Sometime shortly after Tigger joined the band, we were contacted by Nick (the PMOW) from the House of Suffering in Brighton, who had seen our listing in MRR’s Book Your Own Fuckin’ Life and wanted us to play in his basement. We brought our shiny pop-punk tunes and contrarian attitudes into the musty basement of that house and found ourselves in the midst of probably our best show ever, up to that point. The room was full of people, the beer was plentiful and free, we got handed a wad of cash two or three times as big as we’d ever gotten above ground, and we found ourselves surrounded by the kinds of people we’d been wanting to play with and for.

I don’t know if Adam Haut was at that first show, but as we continued our subterranean trajectory, away from the clubs and into the dusty, dingy basements of Brighton, Allston and those across the river, finding our niche, making new friends and realizing what kind of band we actually wanted to be, we started seeing this odd-looking guy pretty regularly. He had a scattered assortment of piercings and tattoos, a scraggly beard, split down the middle, and his long hair was interspersed with asymmetrical streaks of shaved scalp. On his back was an elaborate and beautiful piece that we eventually learned was drawn from Watership Down.

And he was always in the pit. Whenever he was at a Nickel Kids show (or any other where we saw him), he was dancing—into it on a level that, as a member of the band, was extremely gratifying; and, as a person, was just impressive, and inspiring.

There’s a turning point in the Nickel Kids’ “career arc,” easily identified as the dividing line between, “when we didn’t get naked during our shows” and “when we always got naked during our shows.” And I’m pretty sure—maybe Morgan remembers—that Adam was right there with us at that turning point, on that particular night.

The first time we got naked during a show was at the House of Suffering; mid-set we just stripped down and went for it. The crowd was surprised, amused and confused—all except for Adam, who, as we started the next song, joined us in theory and in practice, shucking his own clothes and dancing naked in the pit.

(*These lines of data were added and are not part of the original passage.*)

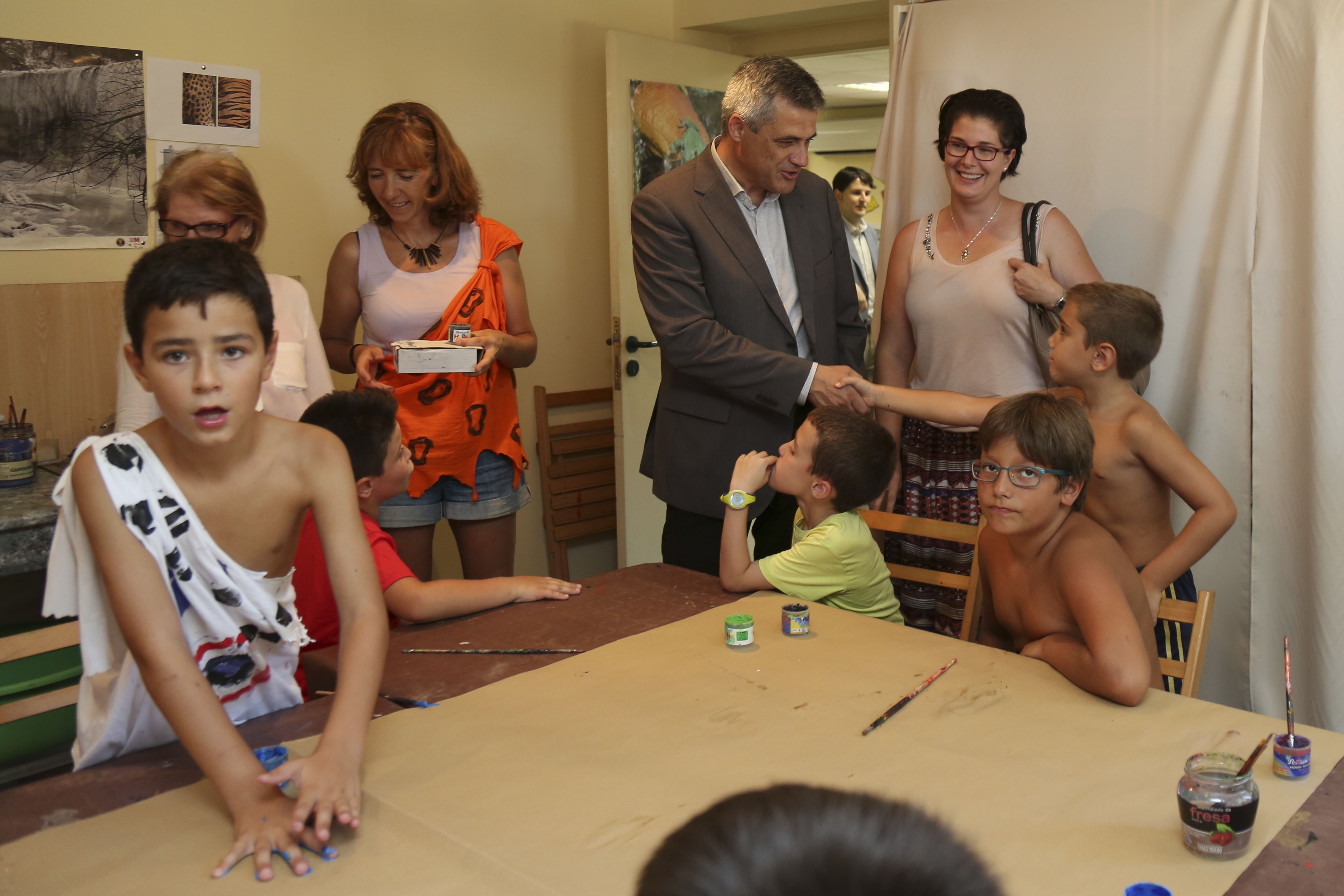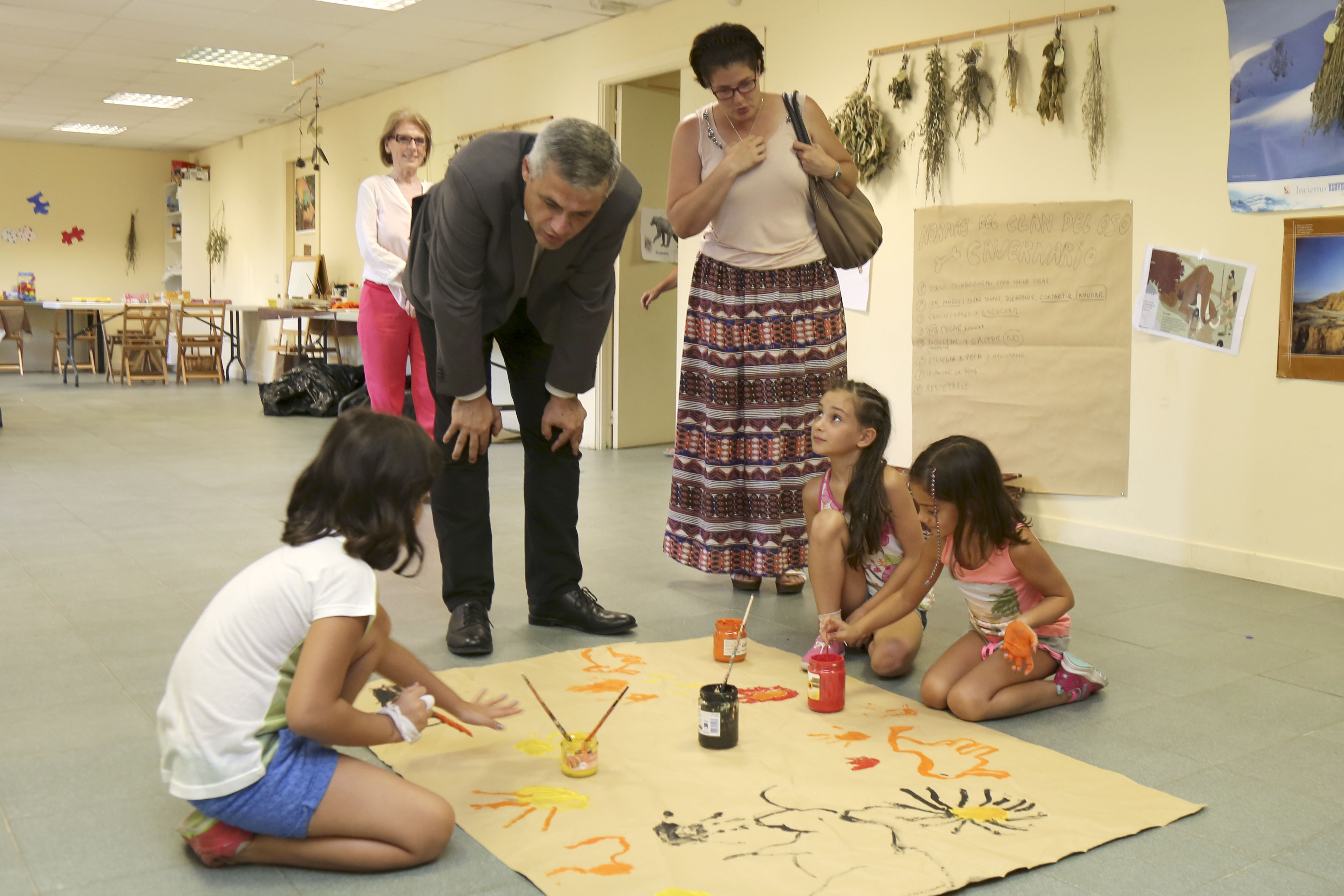 A lo largo de la semana se lleva a cabo un programa formado por diversas actividades como la recogida por el parque de materiales naturales, labores hortícolas, recolección de plantas aromáticas, elaboración y decoración de vasijas y collares con arcilla, entre otras. De forma paralela, los niños participan en juegos y gymkanas de verano. Las actividades de hoy se han centrado en el conocimiento de la prehistoria, por lo que los alumnos han realizado la ilustración de una cueva con pinturas rupestres, así como la decoración de camisetas con motivos prehistóricos.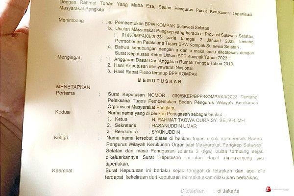 MAKASSAR - Anggota DPRD kota Makassar Rachmat Taqwa Quraisy (RTQ) ditunjuk sebagai Pelaksana tugas (Plt) Ketua Badan pengurus Pusat (BPP) Kerukunan Organisasi Masyarakat Pangkep (Kompak) Sulsel.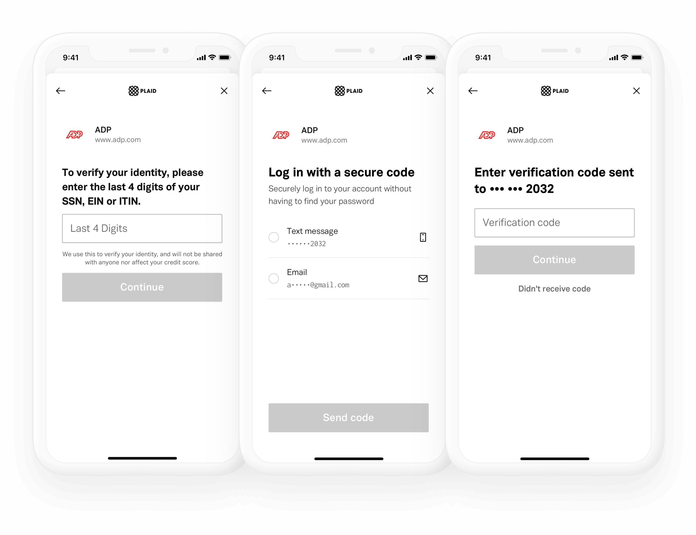 Using Plaid Link, applicants have the choice to share their payroll information using one of two methods: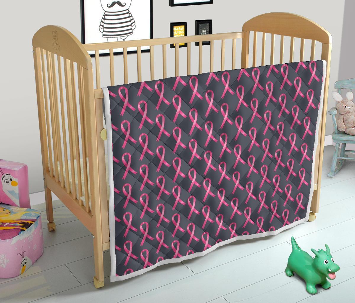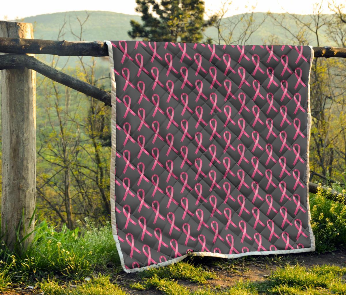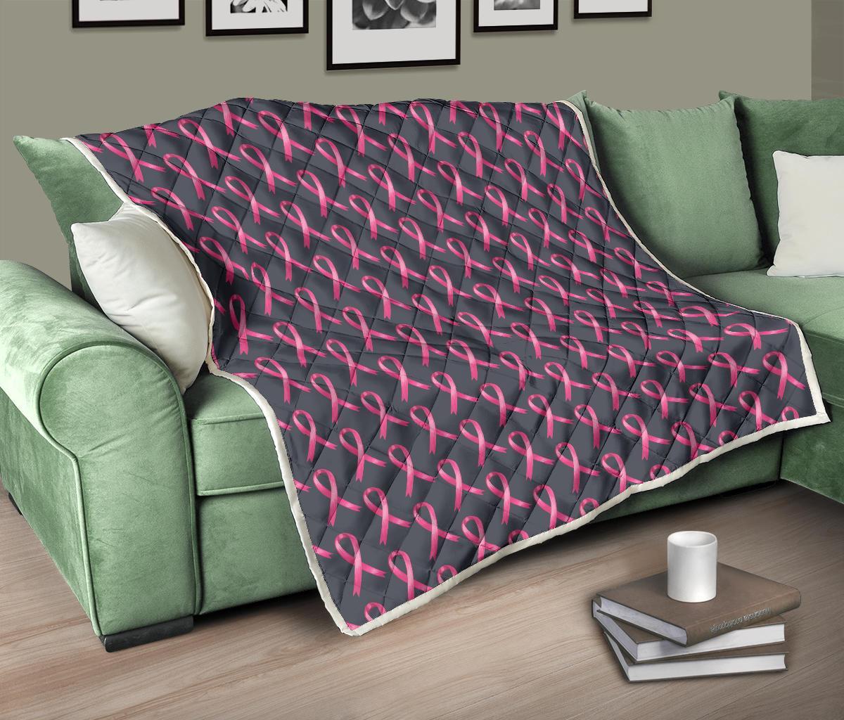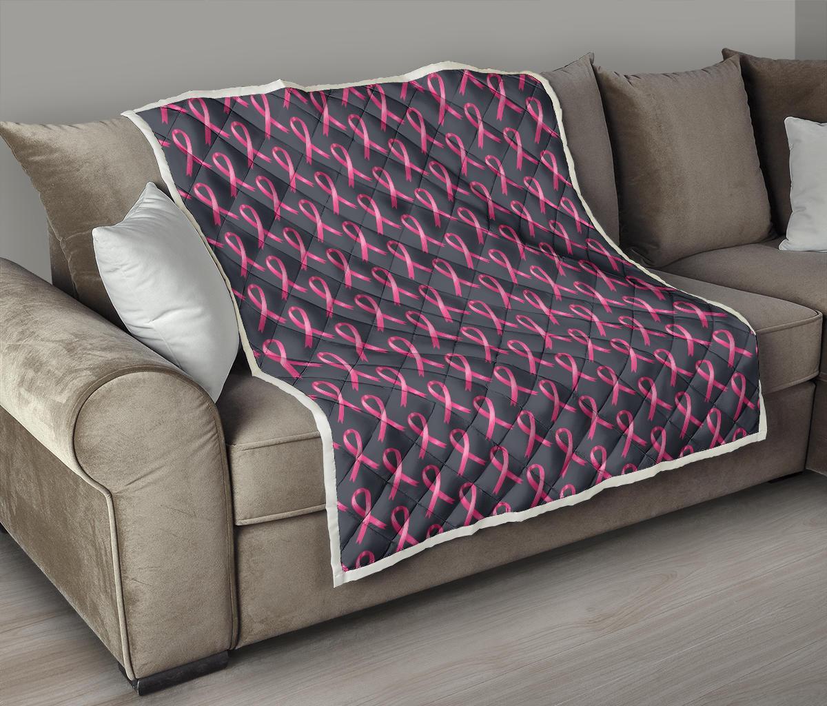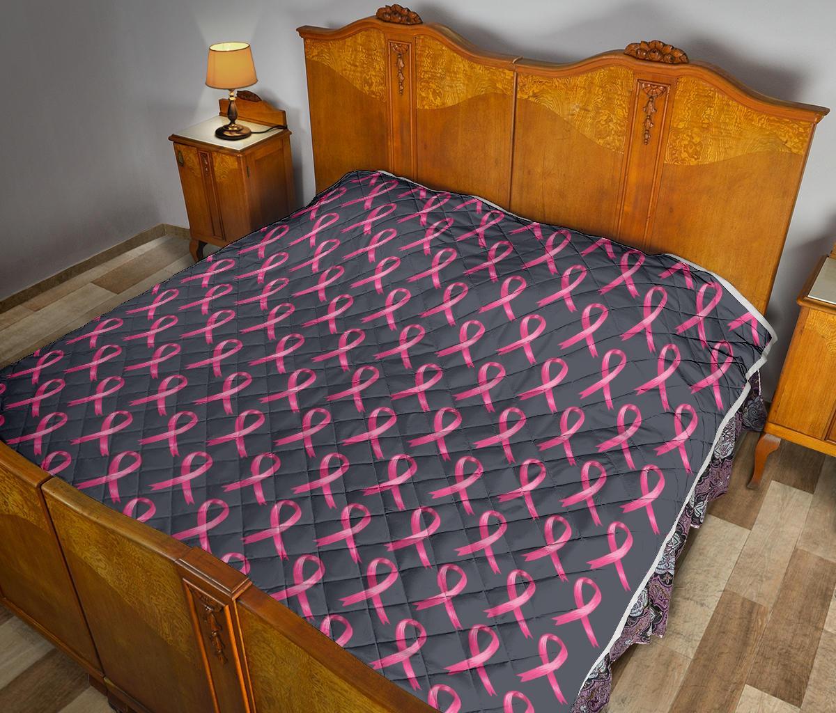 Breast Cancer Awareness Pattern Quilt Bedspread

Adam understood what we were doing and why; maybe better than we did. We were being daring and reckless, stripping down to the nude at a show in a pretty safe place, full of friends, in a scene we trusted. But looking back, it’s clear that Adam had already surpassed us. He was living, daily, the embodiment of the convention-questioning and boundary-pushing that we were acting out in our sweaty nakedness.

At the end of our sets, we would put our clothes back on and go home and ease back into the world. Adam didn’t have that option, with the choices he’d made. He couldn’t untie his beard, slip off the crazy wig and de-piercify for the comfort of the world. He looked, and lived, the way he wanted to, for his own enjoyment.

The point of all this is this: There was a moment in the midst of the Nickel Kids’ transition, from dreaming of getting signed by Fat Wreck Chords to being the band we truly dreamed of being, when I turned to Morgan and said, “If that guy ever stops coming to our shows, we’ll know we’ve made a wrong turn.” Morgan nodded; it was obvious. I don’t remember when this was. It might have been before the naked stage; might have been after. It was definitely before “that guy” became our friend Adam, whose company we would come to enjoy in so many different ways and places over the following years.

Even before we knew Adam Haut, we knew who he was, what he meant; and that he was a crucial part of what we were looking for, who we wanted to be, as a band and as people—even before we really knew what that was. I know we weren’t alone in that. I will always be sad that he’s not here. The world needs people like Adam. They inspire us and make us question and give us reasons to keep doing what we want to do, not what everyone else wants (us) to do.

Thank you, Adam, for being a wonderful person, a fun friend and such a fundamental part of one of the best times in my life.